Does Time Spent in Surgery Affect Outcomes?

Orthopaedic & Spine Center

Dr. Jeffrey CarlsonJeffrey R. Carlson, MD

Whenever I discuss an upcoming surgery with my patient, there are lots of questions that come from the patient themselves, their family members and/or their caregivers.  One question that most patients don’t ask is “How long does the actual surgery take to perform?”  In general, patients want the surgeon to “take all the time they need” to make sure the procedure is performed carefully and well.   But can too much time in surgery be dangerous to your health?

There’s a distinction between the time spent in the operating room and the actual surgical procedure time.  The time spent in the OR includes the patient entering the operating room, being placed on the operating table, being prepped and draped, being given anesthesia, having surgery and waking up.  I’m much more interested in the actual time that the surgery takes to be performed, which starts when I make the first surgical incision and ends l when I close the incision with sutures or staples.  Let me explain why that is meaningful to me and should be considered by you as well.

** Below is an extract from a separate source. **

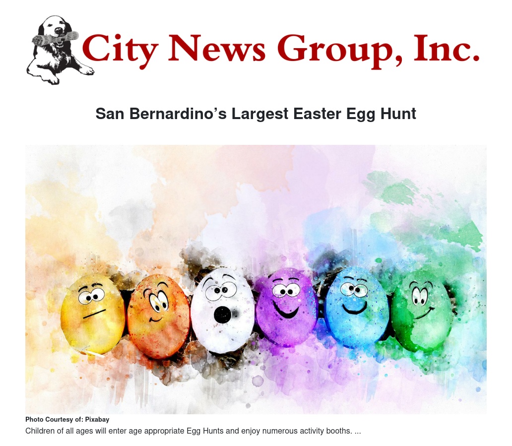 Children of all ages will enter age-appropriate Egg Hunts and enjoy numerous activity booths. This experience welcomes all residents of San Bernardino County.

There are some significant complications that can occur as the length of time of the actual surgery increases.  These are often magnified in those patients that already have other medical problems (such as diabetes or high blood pressure), those who have had previous surgery and in the older patient population.

A recent study published in the Global Spine Journal (Hersey, et. Al.), investigated almost 5000 patients over the age of 65 who had undergone lumbar spinal fusion surgery. Those patients with longer surgical times had a more likely occurrence of a complication.  The overall complication rate in this study was about 13% and the average operative time was 3.3 hours.  The number of complications increased with each hour the surgery took to perform.

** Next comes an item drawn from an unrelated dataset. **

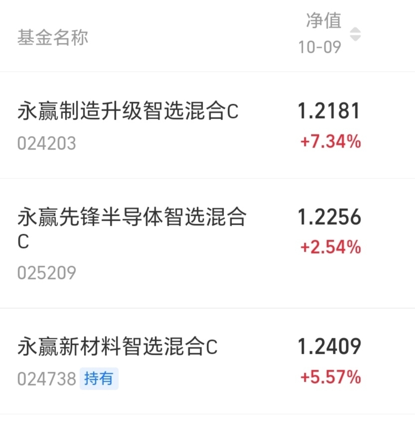 今天赚钱效应非常不错,我持仓的一些永赢类基金涨幅还是可以的,它家又出了几只新基金,今天也是非常猛。

What are the most commonly seen surgical complications after lengthy spine surgeries? 

  1. The need for a blood transfusion – This seems intuitive, as the longer the surgery takes, the more blood is lost, so the need for a transfusion is more likely.  While rare, blood transfusions carry risks as well, such as having an allergic reaction or contracting a blood borne illness, which we definitely want to avoid after surgery.
  2. Pulmonary Embolism or blood clot in the lung – Patients in surgery are sedated and can’t move their arms and legs to keep their blood from pooling.  As a result, pooled blood can clot and then travel to the lung.  This can be very devastating and may result in death.
  3. Urinary Tract Infection – Catheters are usually inserted in the operating room to drain the patients’ bladder during the surgery.  The anesthesiologist provides needed fluids through the veins to maintain the patients’ blood pressure.  This fluid has to be excreted through the kidneys to the bladder, so the catheter will drain the bladder to keep the fluid from backing up.  The longer the surgery, the longer the catheter is in place and the more likely the patient will have a urinary tract infection.  Recovering from surgery is hard enough, so adding a urinary tract infection on top of that is very taxing on the body and should be avoided.
  4. Surgical wound infections – Patients that have longer surgical times have an increased risk of wound infections.  The longer the wound is open in the operating room and the more surgical trauma the patient endures during surgery allows the potential for bacteria to enter the wound and cause an infection. 

We’ve developed surgical techniques that utilize smaller incisions, reduce surgical time and can be done without a blood transfusion.  These techniques allow me to perform lumbar fusion surgery in under 1.5 hours, which greatly reduces the overall complication rate.  Because the incisions are smaller, the risk of infection and the post-operative pain from the procedure is decreased.  With less pain, patients are able to go home the same day, and walk around the house to keep their blood moving and minimize the risk of blood clots. 

Being your surgeon involves more than just diagnosing you with a spine issue and talking to you about surgery.  I research and develop the best surgical techniques that get my patients in and out of surgery more quickly, to reduce those intra-operative surgical risks we discussed above.  To me, I consider the most successful surgery for you to be one with no post-surgical complications, which allows you to focus entirely on your recovery and getting back to the life you love.